Abstract 1: Male Sprague Dawley Rats Exposed To Perinatal Hypoxia Are More Susceptible To Angiotensin II-induced Hypertension In Adulthood Vs Females

Abstract

Preterm infants (born prior to 37 weeks (wks) gestation) are susceptible to hypoxia, which predisposes to hypertension in later life. Underdeveloped organs, including the kidney, prevent preterm infants from effectively regulating blood volume and O 2 delivery. Since rat nephrogenesis completes ~ postnatal day (PND) 8, we hypothesized that exposure to hypoxia before nephrogenesis is complete will promote hypertension in adulthood.

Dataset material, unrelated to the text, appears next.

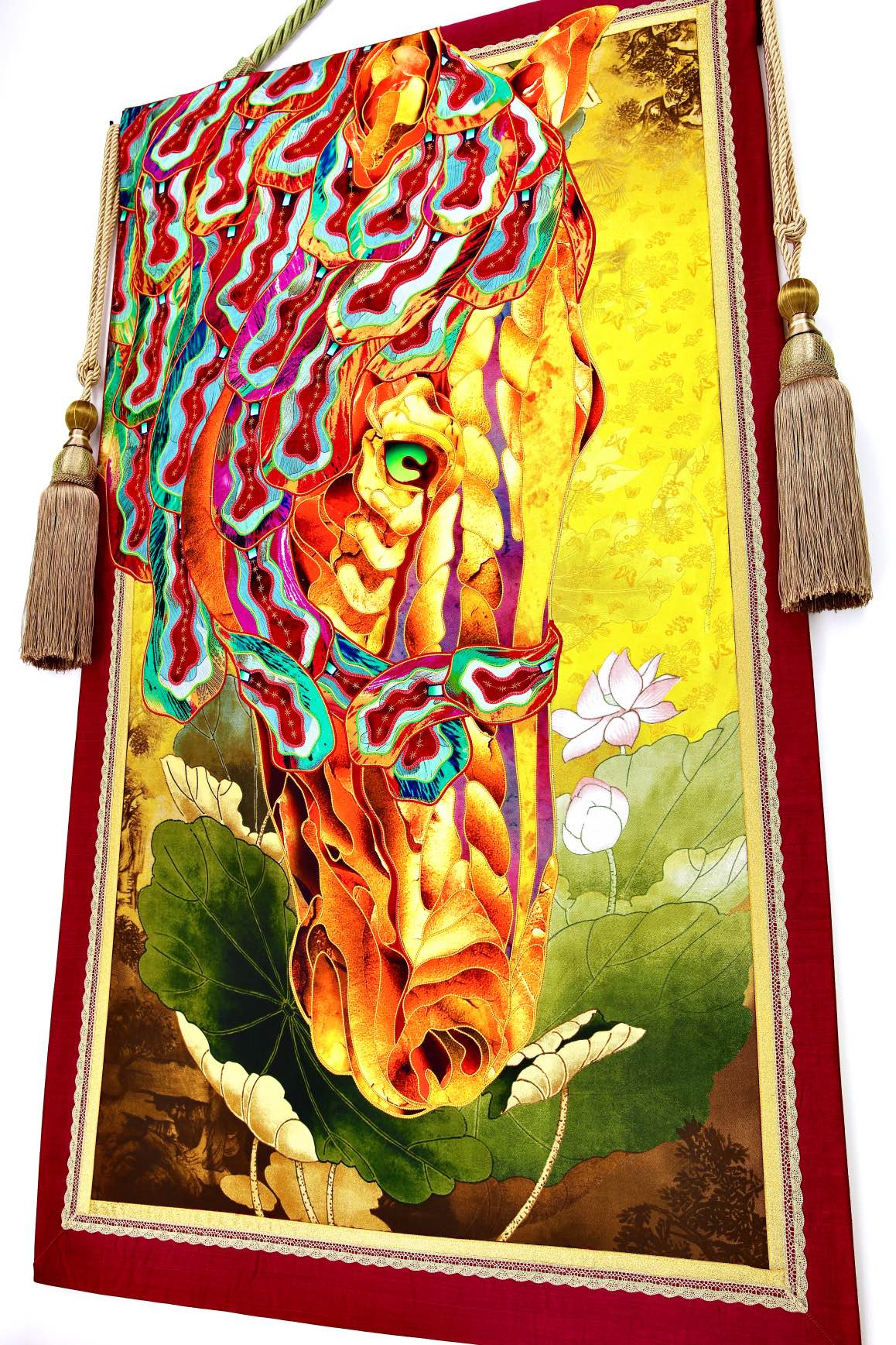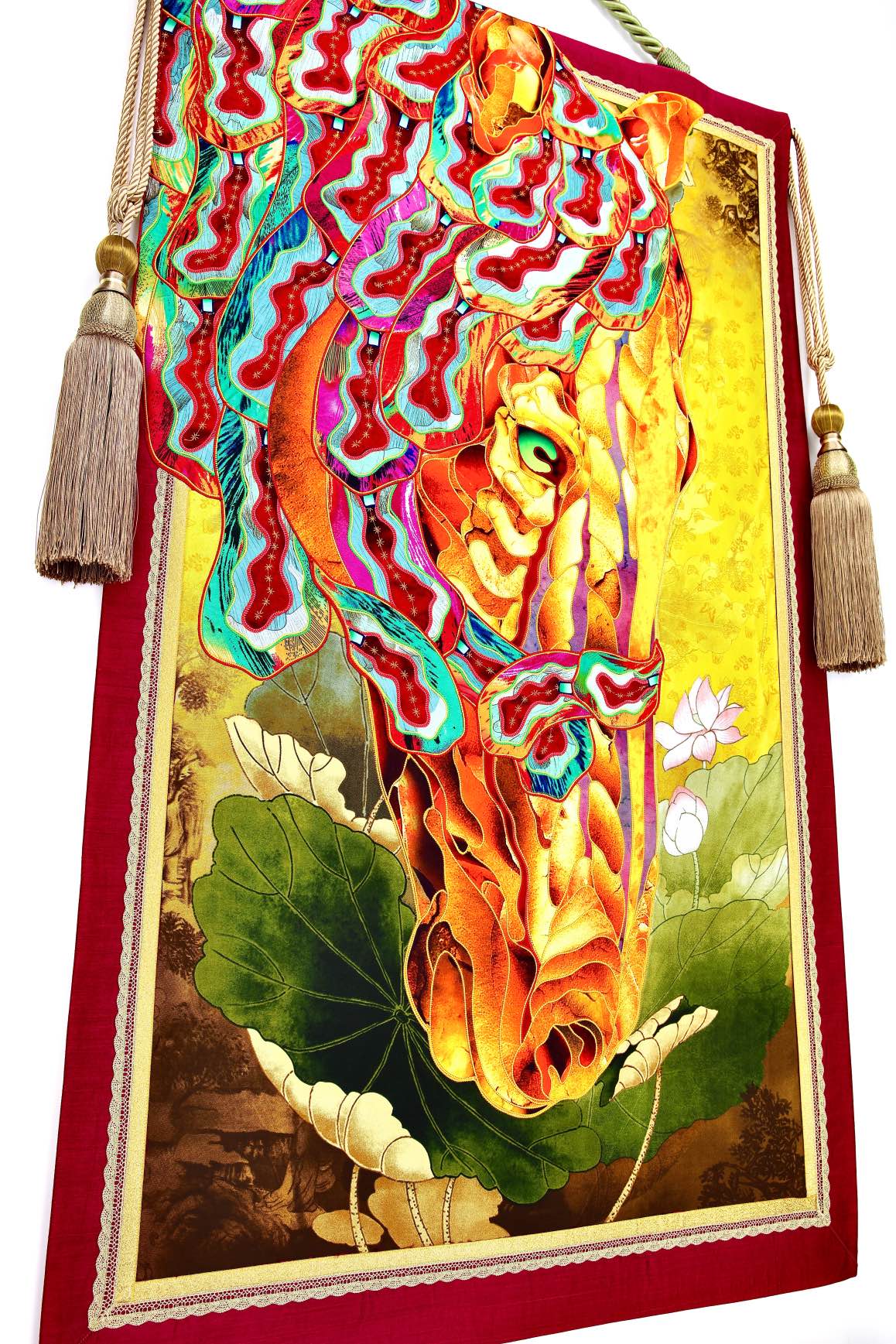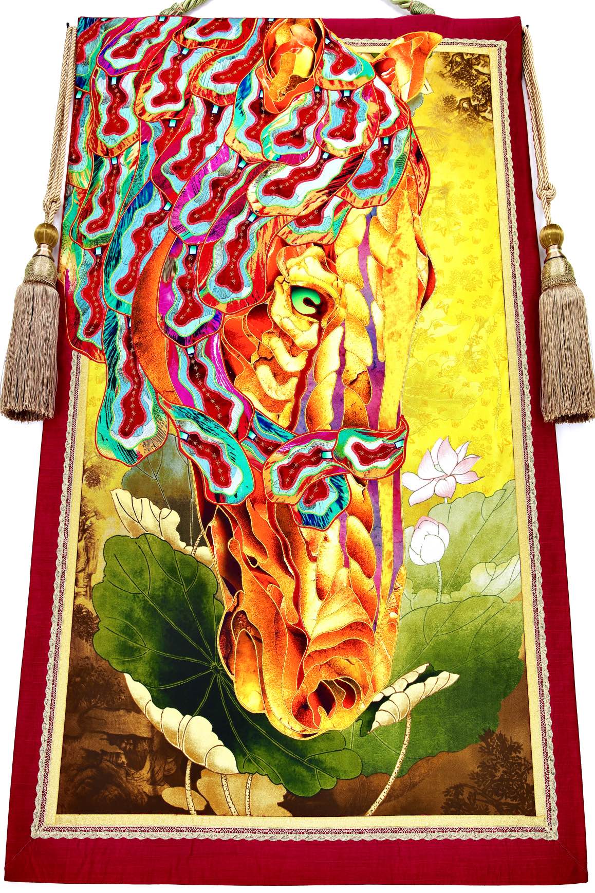 The artist is inspired by the works of Kinusaig. He developed and created a unique technique, the only one in the world in the field of textile art, combining original graphics and silk painting with factory paints of the highest class. This technology was developed using a special style of sewing. The work uses exclusive materials, silk, silk print and high-quality silk threads.

Male and female Sprague Dawley pups were randomized to Ctrl (room air) or intermittent hypoxia (IH) at PND 1 (n=6/group). IH pups were exposed to ~10% O 2 three times a day, 10 minutes/session, from PND 1-8. O 2 saturation was measured at PND 6. Mean arterial pressure (MAP) was measured via telemetry from ~14 – 16 wks of age. To determine the MAP response to a cardiovascular challenge, osmotic minipumps containing angiotensin (Ang) II (400 ng/kg/min) were implanted at 15 wks of age. IH pups had lower O 2 saturation vs ctrl (P O2 <0.05). Light cycle (LC) and dark cycle (DC) MAP were similar in all groups at baseline. Following treatment, LC-MAP was higher in IH-M vs Ctrl-M, but similar among female groups (P Int . = 0.04). IH animals had higher DC-MAP vs ctrl (P O2 = 0.02). IH decreased blood oxygen, suggesting a global decrease in oxygen delivery to organs, similar to what is seen with hypoxia. Perinatal IH alone did not increase MAP. However, this exposure did increase MAP in response to Ang II. While both males and females exposed to perinatal hypoxia had higher Ang II-induced hypertension vs ctrls in the dark cycle, this effect was preserved only in males in the light cycle. This suggests males are more susceptible to blood pressure effects of perinatal IH.